Die Anwendung der vorgeschlagenen Richtlinie auf Verkehrsdienstleistungen wird
dieser im primären Gemeinschaftsrecht vorgegebenen Sonderrolle nicht gerecht.
Dies gilt insbesondere für Richtlinienvorschläge nach dem Verkehrstitel des
EG-Vertrags, die nach Ablehnung durch das Europäische Parlament oder den Rat
gescheitert sind, wie unlängst beispielsweise der Richtlinienvorschlag über den
Marktzugang für Hafendienste (Port Package).
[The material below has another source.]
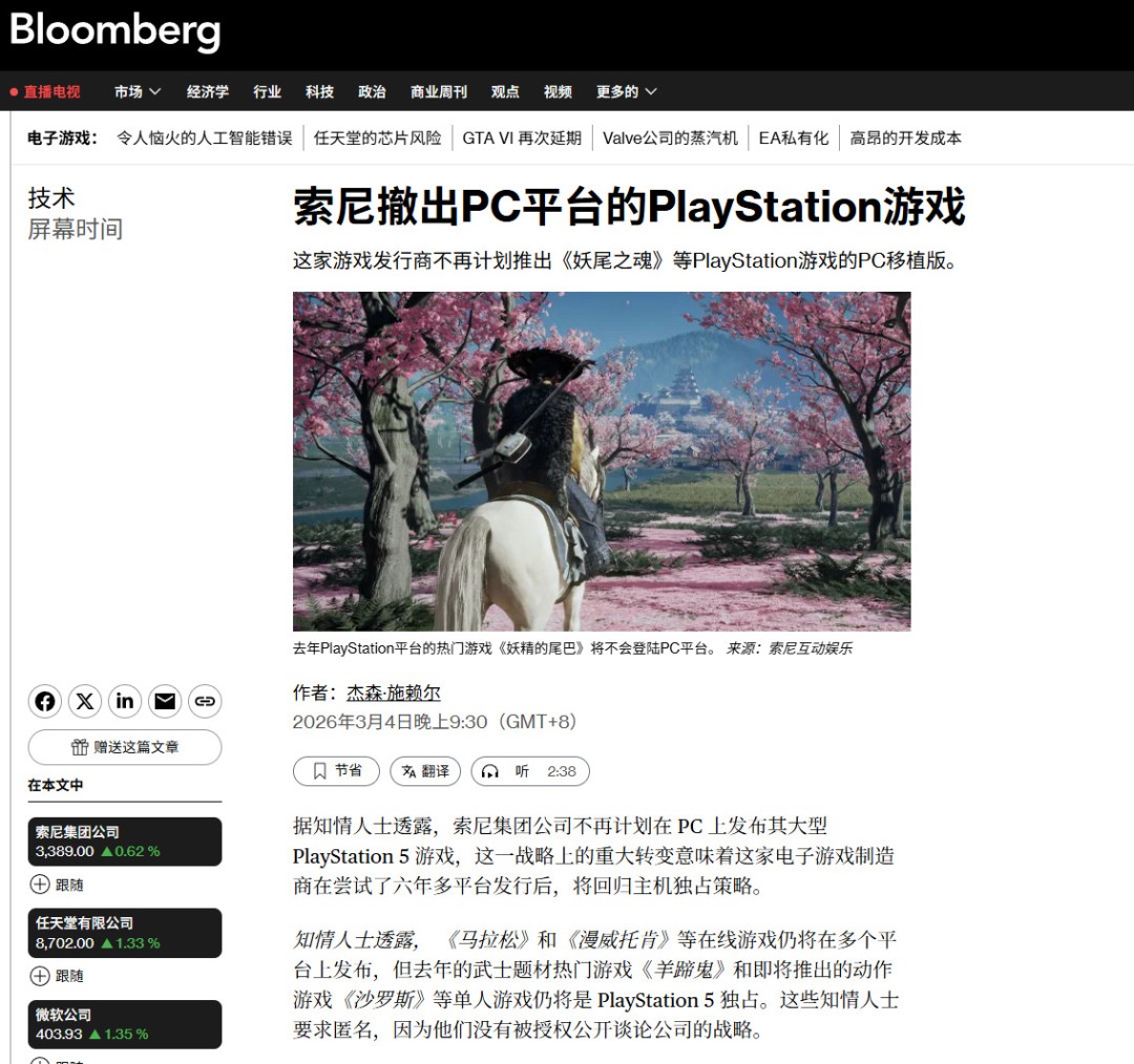 索尼第一方游戏放弃移植PC,可能的原因是销量不佳,因为这些游戏起码是在半年-1年之后才登陆PC,而且失去独占也会给PlayStation品牌造成伤害。

Die hier zitierten einschlägigen Artikel des
geltenden EG-Vertrags finden sich übrigens - in veränderter Nummerierung, aber
gleichem Wortlaut - in der von der Regierungskonferenz 2004 verabschiedeten
EU-Verfassung, deren Ratifizierung noch aussteht.
7. Unzureichende
Regelungen zu Qualitätsstandards
Obwohl die Kommission eine
hohe Qualität der Dienstleistungen anstrebt, verzichtet sie darauf, europaweit
einheitliche und verbindliche Regelungen zu Qualitätsstandards vorzuschlagen.
Sie will vielmehr die Anbieter dazu ermutigen, „freiwillig die Qualität der
Dienstleistungen zu sichern“ (Art. 31). Im Angebot hat sie Zertifizierungen,
Gütesiegel, Selbstverpflichtungen sowie freiwillige Standards und
Verhaltenskodizes auf Gemeinschaftsebene (Art. 31 und Art. 39). Letztere sind
sicher sinnvoll, müssen aber auf einem Fundament verbindlicher gesetzlicher
Regelungen zu Qualitätsanforderungen aufbauen.